Relents d’égouts #7 - Insoumis et patriote ?



Rubrique consacrée à l’actualité des conspis, des confus et d’autres cons… faisant, directement ou indirectement, le jeu de l’extrême droite.

La France insoumise a des démangeaisons à la patrie et cela ne transpire pas seulement dans son nom. Tout le monde se rappelle comment le tricolore est venu remplacer le rouge dans les rassemblements préélectoraux organisés autour de Mélenchon, ce qui n’est déjà pas un bon signal et rappelle de très mauvais souvenirs (cf. « Quand la gauche singeait le fascisme », RésisteR ! #52, novembre 2017). Cette prise de distance vis-à-vis de l’internationalisme ouvrier trouve son origine dans la stratégie électoraliste de la FI, comme pour le PCF qui l’a pratiquée bien avant elle. Quand on pense que le changement politique passe par la prise du pouvoir d’État plutôt que par son renversement, on finit par attraper un strabisme qui fait voir le cadre national comme le cadre idéal. Et la pente est plus que savonneuse.

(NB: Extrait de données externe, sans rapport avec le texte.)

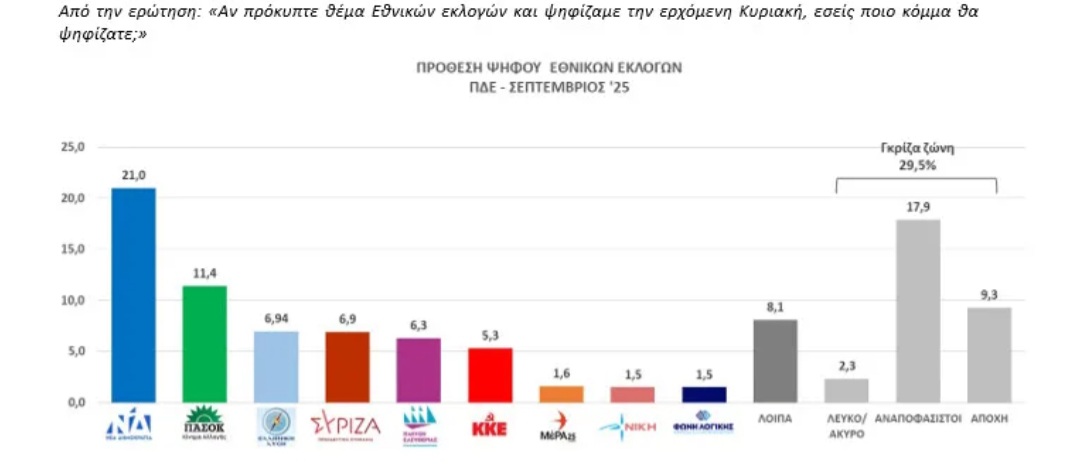 Το ΠΑΣΟΚ είναι δεύτερο κόμμα, σχεδόν με 10% λιγότερη δύναμη από τη ΝΔ. Ενισχυμένες η Ελληνική Λύση και η Πλεύση Ελευθερίας.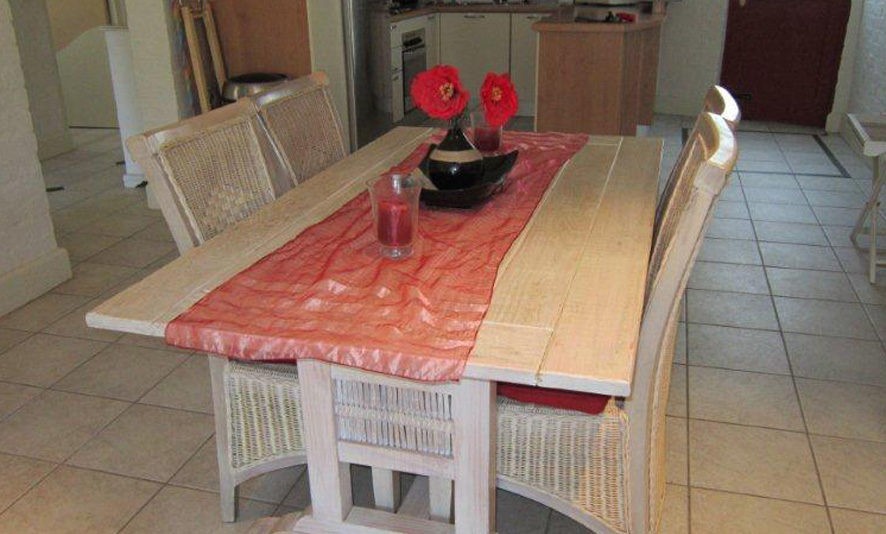 There is a dining area with dining room table and chairs which leads to the lounge with comfortable couches and Satellite TV.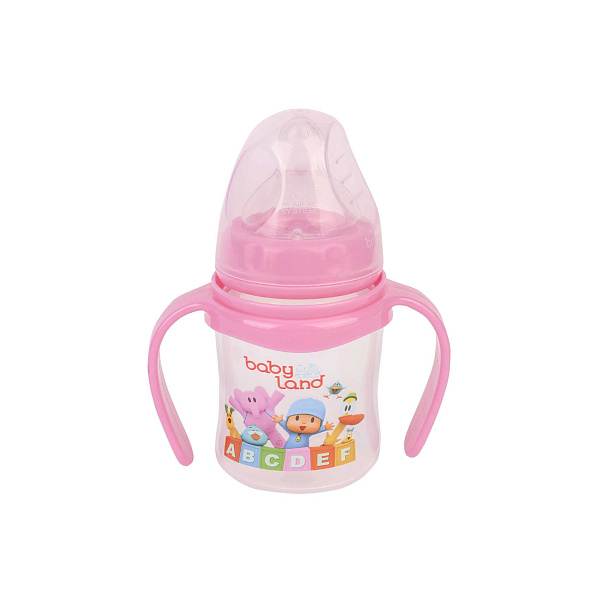 Бутылка babyland с ручками и силиконовой соской розовая 150мл с 0-6мес
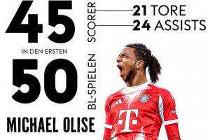 数据统计显示,奥利塞德甲生涯前50场直接参与45球(21球24助攻)。
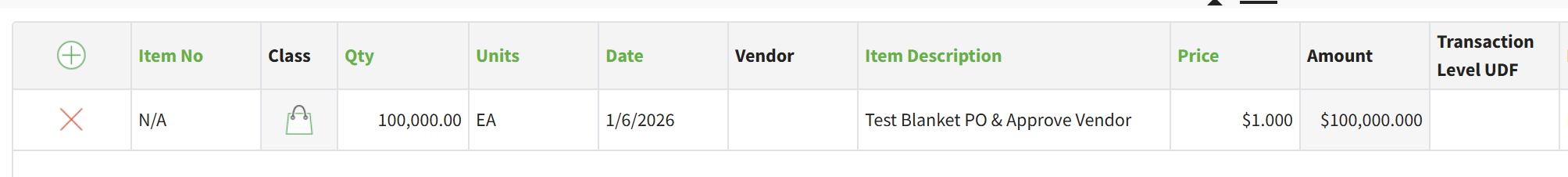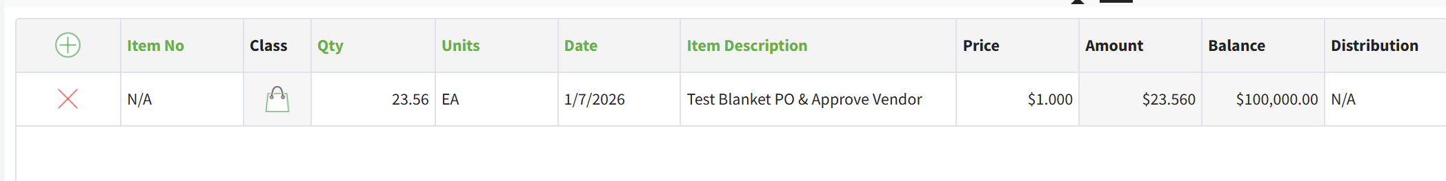 PO line setup: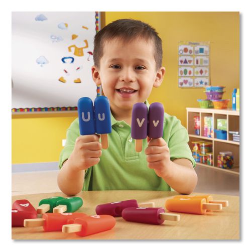 Play popsicles reinforce uppercase and lowercase letter-recognition through matching. Double-sided design includes all 26 letters. Popsicles are also perfect for fine-motor practice and imaginative play. Popsicles are designed for children ages 2 and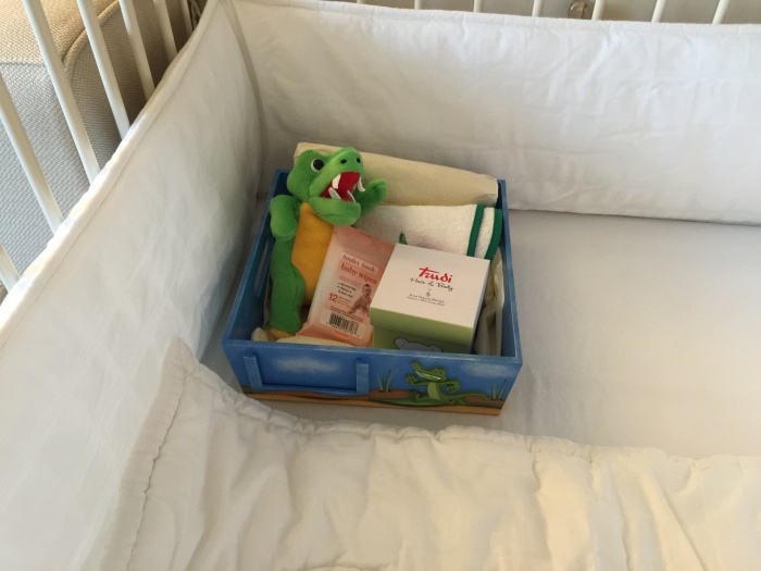 For the babies, the Four Seasons offers a cute little box filled with a bib, wipes, two diapers, a small plush alligator and Trudi bath toiletries. And of course, a crib can be sent up to the room.

Il y a un porte-parole national de la FI qui affiche une belle constance en la matière et dont les errements éditoriaux devraient alerter celles et ceux des Insoumis qui ne sont pas totalement gagné∙es par le nationalisme. Il s’agit de Djordje Kuzmanovic, représentant défense et international à la FI et au Parti de gauche, ancien officier de l’armée française… qui n’a manifestement pas totalement rompu avec les valeurs de sa carrière militaire. Kuzmanovic s’était déjà signalé par un affichage sur le site pro-Kremlin Sputniknews fin 2016 et ses prises de position tant vis-à-vis de Vladimir Poutine qu’à l’égard de Bachar el-Assad révélant un tropisme « anti-impérialiste » mal digéré, surtout orienté contre l’impérialisme états-unien mais aucunement sensible au piétinement des droits des peuples par la Russie ou la Syrie. Mais après tout, du côté des Insoumis, il n’est pas le seul, comme en témoigne la chronique sur Le Media du 23 février où Claude El Khal renvoie dos à dos le régime syrien et les milices islamistes pour justifier, en creux, le bombardement des habitant∙es de la Ghouta par le régime.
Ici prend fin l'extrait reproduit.